Als uns der Hotel-City-Shuttlebus 24 Stunden später wieder vor dem Hotel ausspuckt, muss ich bekennen: Ich bin auf der Thessaloniki-Fanseite!

Ja, es gibt viele Plattenbauten und ja, die Sehenswürdigkeiten beschränken sich auf ein paar römische Ausgrabungen, einen Turm aus dem Mittelalter, einige prunkvolle Kirchen und eine Festungsanlage, doch die Menschen wissen es zu genießen und zu schlemmen, zum Beispiel auf dem Dach des Electra Palace Hotels beim Mittagessen mit Blick auf den Aristoteles-Platz, in den unzähligen Cafés und Bars des Ladadika Distrikts oder bei köstlichem Fisch und griechischem Wein in den kleinen Tavernen an der alten Festung.

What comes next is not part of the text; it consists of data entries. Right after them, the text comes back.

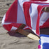 Serviettes de plage en éponge avec des rayures grises et blanches.
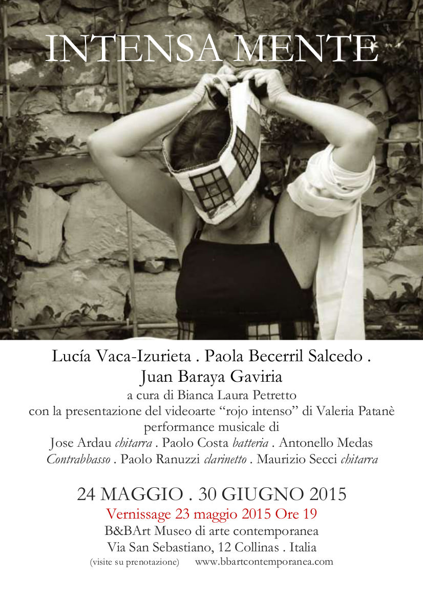 La stagione primaverile si inaugura al B&BArt museo di arte contemporanea a Collinas con la mostra “Intensa mente” che ha per protagonisti tre artisti internazionali: Paola Becerril Salcedo, Juan Baraya Gaviria e Lucía Vaca-Izurieta. L’esposizione a cura di Bianca Laura Petretto sarà presentata durante il vernissage del 23 maggio 2015 alle ore 19 con l’introduzione del videoarte “rojo intenso” di Valeria Patanè e la performance musicale di Jose Ardau chitarra . Paolo Costa batteria . Antonello Medas Contrabbasso . Paolo Ranuzzi clarinetto . Maurizio Secci chitarra.
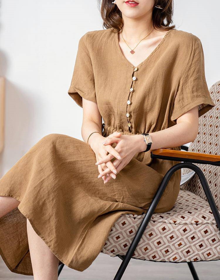 Váy linen dáng suông cổ sơ mi cực sang phù hợp mọi lứa tuổi

Von hier reicht der Blick über die Stadt und weit hinaus aufs Meer mit dem schneebedeckten Olymp am Horizont – ist das die griechische Authentizität, von der meine Tante mir mit leuchtenden Augen erzählt hat?

Vom Dach des The MET der Design Hotels in Thessaloniki genießt man eine unglaubliche Aussicht.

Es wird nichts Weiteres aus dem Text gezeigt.